Frontline Health Care Workers Aren’t Feeling the ‘Summer of Joy’: Doctors and nurses are reeling from new Covid cases, staff burnout and the prolonged stress of dealing with the pandemic
Taken from the New York Times
June 1, 2021
A largely unmasked nation will celebrate the nation’s return to near-normalcy this weekend with a ticker-tape parade in New York City, a dazzling fireworks display over the Washington Monument and countless Independence Day gatherings in cities and towns across the country.
“A summer of freedom. A summer of joy,” is how the White House tried to promote a new national mood in a letter encouraging local officials to hold public events during the July 4th holiday.
And in most parts of the country, Americans have reason to cheer, with more than half of those over 12 fully vaccinated, state after state lifting all emergency restrictions and caseloads decreasing by double-digits week over week.
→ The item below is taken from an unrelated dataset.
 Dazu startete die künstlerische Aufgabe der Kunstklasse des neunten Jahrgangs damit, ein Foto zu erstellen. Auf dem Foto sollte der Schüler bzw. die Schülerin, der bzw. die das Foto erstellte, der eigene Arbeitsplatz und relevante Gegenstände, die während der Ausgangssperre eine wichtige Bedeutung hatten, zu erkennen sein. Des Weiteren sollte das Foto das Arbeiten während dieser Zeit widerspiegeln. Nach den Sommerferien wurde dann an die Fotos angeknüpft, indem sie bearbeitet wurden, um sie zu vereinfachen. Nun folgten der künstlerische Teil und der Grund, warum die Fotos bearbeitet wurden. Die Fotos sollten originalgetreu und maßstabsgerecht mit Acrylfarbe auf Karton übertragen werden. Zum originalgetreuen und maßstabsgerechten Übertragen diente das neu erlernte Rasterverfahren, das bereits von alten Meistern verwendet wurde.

Families are traveling again, diners are flocking to restaurants and baseball is back as America’s seasonal pastime.
But the summer is turning out to be fairly joyless in places like CoxHealth Medical Center in Springfield, Mo., where nurses, doctors and respiratory therapists have been grappling with a resurgence in coronavirus cases that forced the hospital to reopen the 80-bed Covid unit it had shuttered in May.
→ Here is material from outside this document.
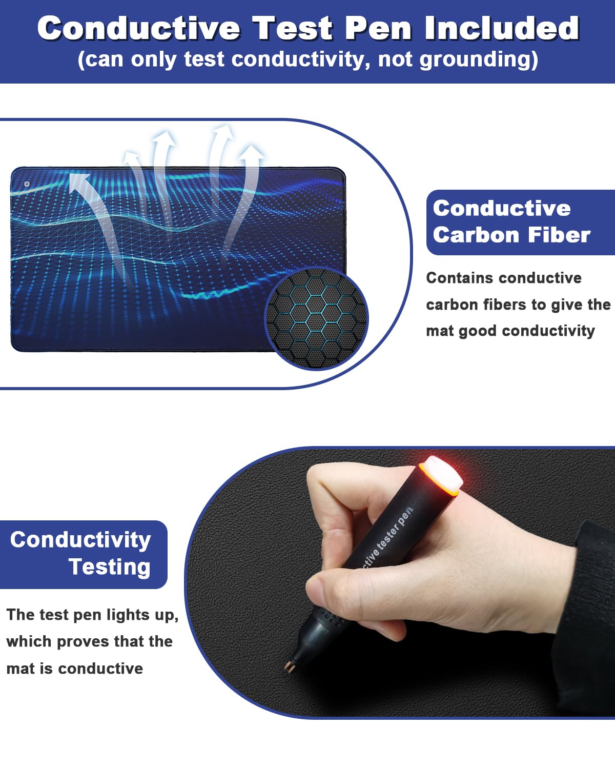 Features : Strictly selected premium leather, carbon fiber has high conductivity and can effectively reduce static electricity. Universial grounding mat,earth connected mat, it's a good choice to choose it as grounding mat for desk
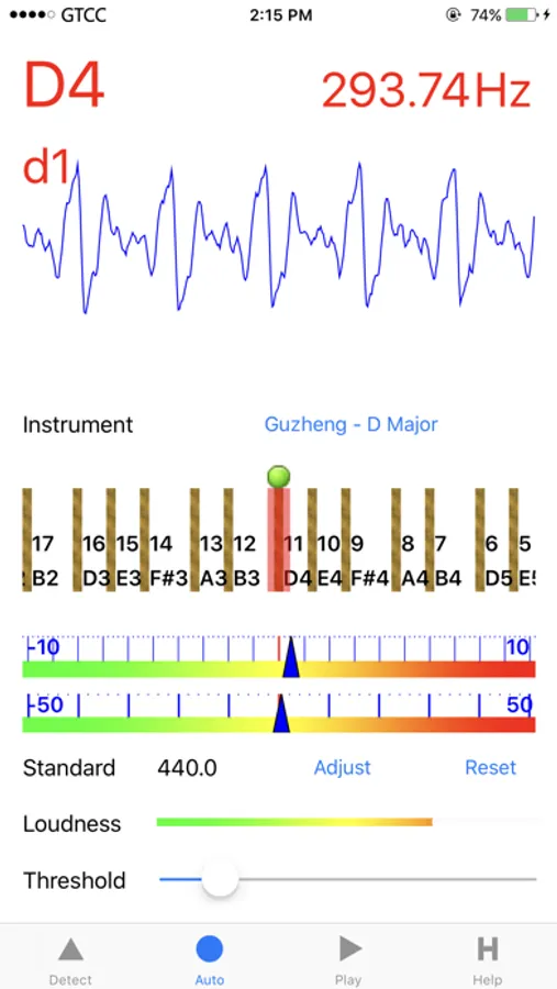When you pluck at the string of your musical instrument, it can automatically measure the pitch of the string, and through a variety of methods to indicate the accuracy of the pitch; addition, it can issue the standard sound of the strings, for you to tune through listening.

Dr. Terrence Coulter, a critical care specialist at CoxHealth, said he and his colleagues were stunned to find themselves back in the trenches after the briefest of respites. “With everyone masked, you learn to read the emotions in your co-workers’ eyes,” he said. “They’re weary and they’re also disappointed that the country has started the end zone dance before we cross the goal line. The truth is we’re fumbling the ball before we even get there.”
America’s health care workers are in crisis, even in places that have had sharp declines in coronavirus infections and deaths. Battered and burned out, they feel unappreciated by a nation that lionized them as Covid heroes but often scoffed at mask mandates and refused to follow social distancing guidelines. Many of those same Americans are now ignoring their pleas to get vaccinated.
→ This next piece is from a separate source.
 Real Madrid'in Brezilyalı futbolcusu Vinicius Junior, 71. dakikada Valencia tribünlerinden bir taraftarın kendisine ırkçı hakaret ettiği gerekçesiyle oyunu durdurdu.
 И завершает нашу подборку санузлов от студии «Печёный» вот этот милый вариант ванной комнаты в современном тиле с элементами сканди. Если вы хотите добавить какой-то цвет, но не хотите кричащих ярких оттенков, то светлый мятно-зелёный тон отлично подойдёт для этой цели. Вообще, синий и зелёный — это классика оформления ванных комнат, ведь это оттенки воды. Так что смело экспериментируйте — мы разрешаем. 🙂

Doctors and nurses are also overworked, thanks to chronic staffing shortages made worse by a pandemic that drove thousands from the field. Many are struggling with depression and post-traumatic stress; others are mourning at least 3,600 colleagues who won’t be around for the celebrations.
“People don’t realize what it was like to be on the front lines and risking your own safety without adequate protective gear while dealing with so much death,” said Mary Turner, a registered nurse in Minneapolis who was unable to comfort her own father as he lay dying alone of Covid in a nursing home in the early days of the pandemic. A few months later, she found herself sobbing uncontrollably in a hospital room as she held up a phone so a man could say goodbye to his father. “A lot of us are still dealing with PTSD,” she said.